Bob even surprised himself with how handy he turned out to be. When the pair moved to Bloomington in Indiana, Bob bought a land contract on acreage with an old home which required significant renovation. Bob earned considerable sweat equity in the property by replacing all the windows and renewing the roof. The American GI Bill provided Bob with money to pay for tuition, and it was at this point that Bob first began to study hard, “to learn how to learn”. A visiting artist delivered “the facts of life” to Bob: that only 1% of artists can make a living from art. This prompted Bob’s wife to abandon further pursuit of music, which would remain a lifelong hobby, and return to finish the medical studies she had postponed. The couple moved to Indianapolis to facilitate her finishing her medical training. Bob’s first child, a daughter now called Ryan, was born in the same week her mother graduated from medical school, necessitating a six-month delay in the start of her mother’s residency program. When Bob’s wife began her residency, and worked up to 100 hours a week, Bob became the house-husband and prime caregiver for their child. He began making, then selling, more art and became successful enough to hire a baby sitter, giving him more time to re-immerse himself in the art world. A second child, named Christopher, was born during this period. Across his career, Bob has sold artworks to many private and corporate collectors, including several artworks to McDonald’s, investment pieces they purchased from emerging artists, to display in their corporate offices, as well as having gallery shows in San Francisco, Chicago and Indianapolis. Yet this progress in Bob’s artistic career came at high cost as his usage of marijuana and alcohol increased. During this time, Bob’s wife also experienced career success after further study in anaesthesiology.

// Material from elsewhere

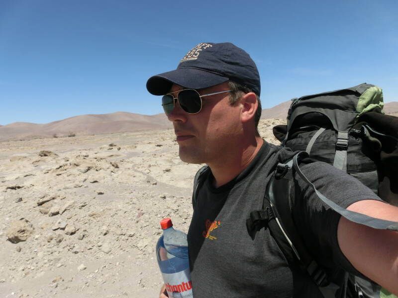 En zo is het inderdaad. In Chili raakte ik in de woonkamer van een hospedaje aan de praat met een stel bouwvakkers. Ze hadden alcohol, dronken het ene glas na het andere, en ik mocht meezuipen. Supergeduldig met mijn gebrekkige Spaans. Op een gegeven wilden ze foto’s maken als aandenken van deze avond. Ik moest wel een (veel te strak) shirt van hun favoriete voetbalteam aan. Geen idee welke club, maar helemaal prima. We zaten tot 04.30 uur aan die lange tafel en met een kater vervolgde ik de volgende dag mijn weg zuidwaarts door hun langgerekte land.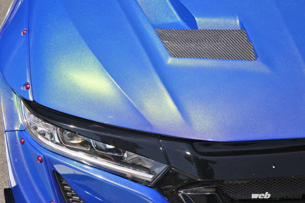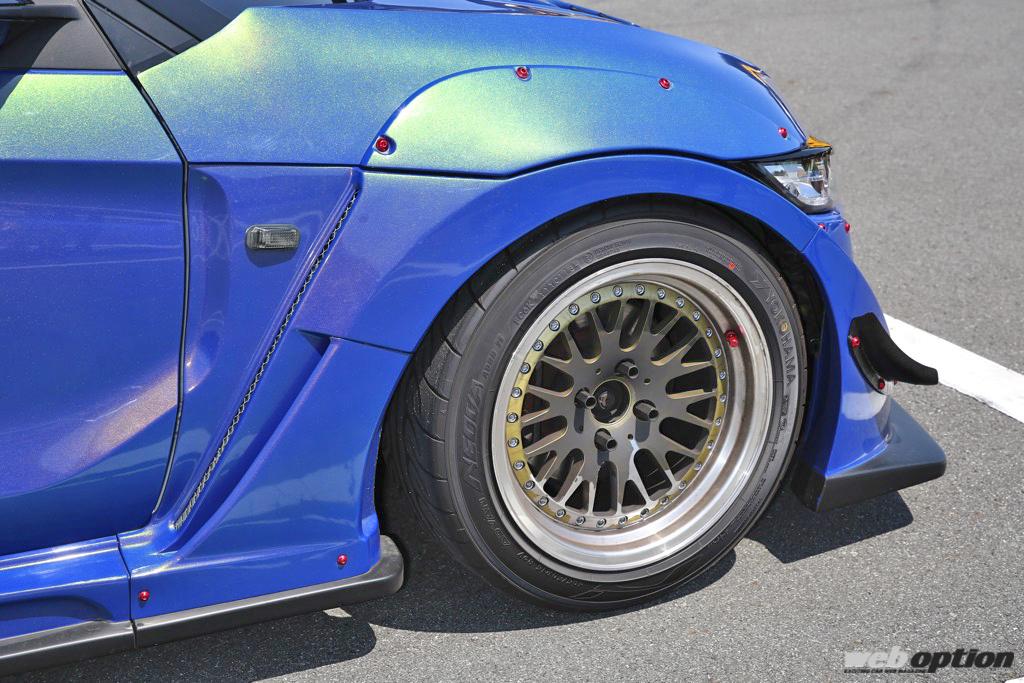 当初は鈴鹿サーキットを中心にサーキット走行を楽しむためにポテンシャル重視のカスタマイズを進めていたが、オフ会でのインパクトアップを狙ってワイドボディ化。エクステリアの構成パーツはM&Mワイドボディキットの他、リザルトジャパンのボンネットとエンジンフードも装着。角度によって色の変わるハーフマットのペイントは、“Ekishow”によるものだ。

Click through the image carousels above to appreciate the great diversity of Bob's artistic talent and to see some of Bob's sources of local inspiration.
By the mid-1990s, Bob was again wondering about where his life was headed. He returned to study a 4-year degree in Occupational Therapy in the middle of his 40s, in a rather late change of career, with some elements of mid-life crisis. Upon graduation, Bob worked in a mental institution then in a hospital’s rehabilitation unit. He became appalled at how hospital administrators were more invested in profitability rather than patient outcomes which led to some disillusionment on Bob’s part.
In the first years of the 21st century, Bob turned his hand to house flipping, but again slid into his old usage habits. This new business bought financial success for Bob until 2008, when he had to abandon it as the subprime mortgage crisis in the US turned into the global financial crisis and the housing market plummeting.
Four events which impacted Bob’s life prior to his arrival in Hua Hin need mentioning, as they had a profound effect. Back in 1995, a traumatic incident for Bob was the fire which destroyed the old barn on his property. The barn had been his studio, but even worse, was the repository of thirty years of his art, all gone up in smoke, a very confronting event for any artist. Bob lost his back catalogue, which had documented his versatility as an artist, across a wide variety of media and artistic styles. Bob recalls that in the 80s much of his work was abstract, yet as a result of the fire, he has no tangible record of that creative period at all. Although the fire was a tragedy, now, in retrospect, Bob acknowledges that it altered his artistic life in a positive way, as it revealed a new direction to him.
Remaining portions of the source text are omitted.